Rule 230 is placed in the chapter titled ‘Restitution’. It is substantively the same as when it first appeared in the 6th edition of Dicey in the chapter titled ‘Quasi-Contract’,Footnote 97 which suggests it was formulated with unjust enrichment actions in mind. Insofar as knowing receipt is founded on, or is similar to, unjust enrichment, Rule 230 would provide the appropriate choice of law rule. Applying Rule 230 to knowing receipt on the basis that the remedy is ‘restitutionary’ in nature stands on less firm ground, for the reasons given above. In addition, Rule 230 was originally formulated before the division between unjust enrichment claims and restitution for wrongs claims became generally accepted.Footnote 98

In the earlier decisions, courts tended to apply sub-rule 2(c) to knowing receipt. In El Ajou v Dollar Land Holdings, Millett J considered, ‘without discussion’,Footnote 99 that the governing law of the knowing receipt claim was the law of the country where the defendant received the money, relying on sub-rule 2(c).Footnote 100 The Court of Appeal in Trustor v Smallbone Footnote 101 applied English law when the misappropriated funds had been transferred from the claimant's English bank account to the recipient's English bank account. The Singapore Court of Appeal has also applied the law of the place of enrichment to knowing receipt.Footnote 102

In later cases, courts have seised on the analysis of sub-ruIe 2(c) by Collins J (as he then was) in Barros Mattos Jnr v Macdaniels Ltd to the effect that it was not to be treated as a ‘free-standing rule’ to be mechanically applied irrespective of the factual circumstances or particular issue involved.Footnote 103 There has been a perceptible shift away from treating the sub-rules in paragraph two as fixed rules, and towards accepting that the primary choice of law rule is the general rule set out in paragraph one, for which the sub-rules merely provide guidance.
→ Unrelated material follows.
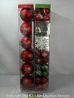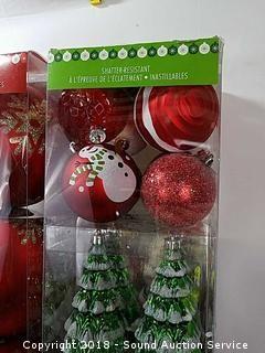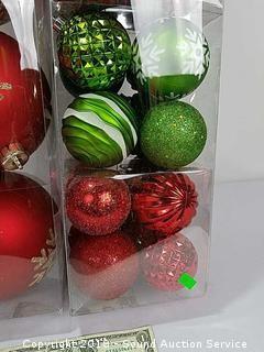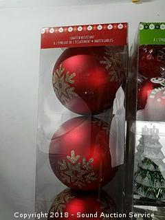 Includes: 6-pack of 5" diameter bulbs, and a 52-pack of smaller ornaments. Refer to photos for more information.
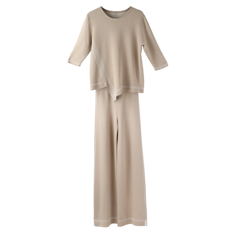 / S秀2018夏季新款女時尚氣質兩件套圓領個性上衣闊腿褲針織套裝

This shift can be seen in one of the leading cases on choice of law and knowing receipt, Yugraneft v Abramovich.Footnote 104 The claimant, Yugraneft, entered into a joint venture with Sibneft, a fellow Russian corporation. Sibneft was controlled by Mr Abramovich, a Russian citizen. Yugraneft alleged that it suffered losses pursuant to a fraud directed by Mr Abramovich as a result of which its interest in the joint venture vehicle, Sibneft-Yugra, was diluted drastically. Yugraneft sued Mr Abramovich and an English company involved in managing Mr Abramovich's business interests in England. Yugraneft's claims included dishonest assistance, tort, an equitable proprietary claim and most relevantly, unjust enrichment and knowing receipt in English law against Mr Abramovich, or in the alternative, unfounded enrichment under Russian law.Footnote 105 In their application for a reverse summary judgment, the defendants contended, inter alia, that Russian law applied to all the claims. Clarke J dealt with the knowing receipt and unjust enrichment claims together. He held that Rule 230 of Dicey applied, but emphasised that the fundamental principle is the application of the law that has the closest and most real connection with the obligation, rather than a rigid application of the sub-rules.Footnote 106 On the facts, Russia was the place where the wrongs occurred, where the new participation interests in Sibneft-Yugra were issued, where the enrichment occurred, and where the proceeds were realised.Footnote 107 Thus the proper law of the obligation was Russian law. That being the case, the claims failed as being outside the Russian limitation period.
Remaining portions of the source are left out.